Desmond Tutu savait rire à gorge déployée mais il pleurait en public pour honnir les iniquités. Sous l’apartheid, les larmes de l’homme de Dieu qu’il fut symbolisaient la certitude qu’un jour les ténèbres disparaîtront pour laisser la place à un soleil éclatant. Comme beaucoup de ceux qui, en Afrique et dans les autres parties du monde, espéraient cet aboutissement, la chute du gouvernement ségrégationniste d’apartheid couronna cette lutte de longue haleine maillée d’énormes sacrifices. Passer sa vie à réclamer la justice comme l’ont fait les héros de la lutte antiapartheid est un bel exemple d’humanité.

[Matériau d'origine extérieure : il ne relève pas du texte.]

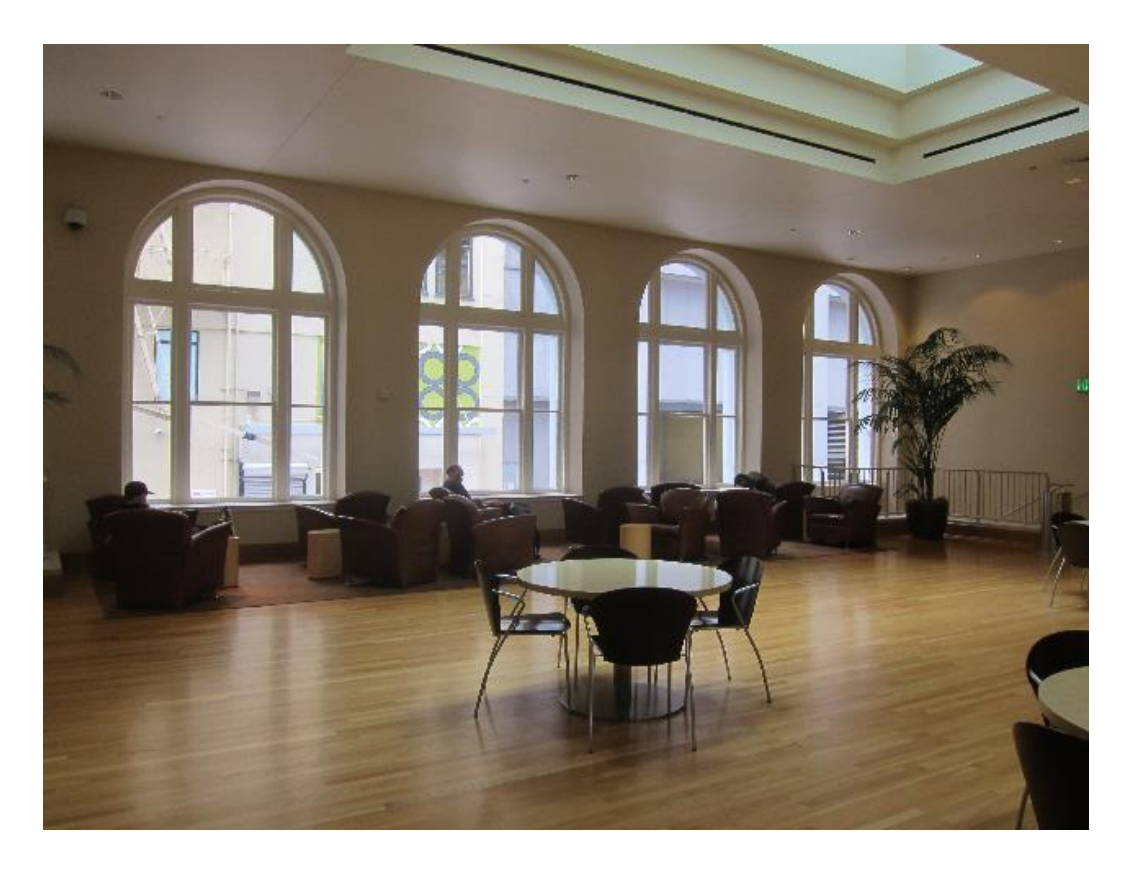
Relaxing interior attached to 55 second Street

Seventeen . Speaking of Willis Polk, 55 Second Street , a 2002 tower by Heller Manus, provides its public open space in an attached building on Stevenson Street. (Notice the eagle atop its attractive façade. Designed by Polk as a post office, if I'm not mistaken, with nicely arrayed arched windows. A popular spot for brown bag lunches today, plus you can rent it for events. It is filled with good art by disabled and formerly homeless artists.

A 90 ans, l'ami de Madiba était le dernier de la génération des Sud-Africains marqués au fer par le côté imprévisible de l’être humain quand il est incapable de rejeter le totalitarisme. L’apartheid c'était, en effet, l’incarnation d’un absolutisme selon lequel les hommes ne comptaient pas tant qu’ils n’étaient pas vus tels quels par la société qui les accueille du fait de leur « mauvaise » couleur de peau. La raison a fini par triompher et ouvrir les yeux de ceux qui feignaient de ne pas voir l’éclat de lumière qui jaillit en chacun de nous, à savoir que malgré nos différences, nous sommes tous égaux.

S’ils se rencontrent, Desmond Tutu pourrait convier Nelson Mandela et tous leurs camarades de l’époque de l’apartheid à prier ensemble pour un monde meilleur. Pour une Afrique du Sud où Noirs, Blancs et Métis élèveront à l’unisson le chant de l’unité et de la cohésion nationale pour un bonheur partagé. Aux grands hommes, les grands destins, les grands hommages. Desmond Tutu faisait bien partie de cette grande famille-là.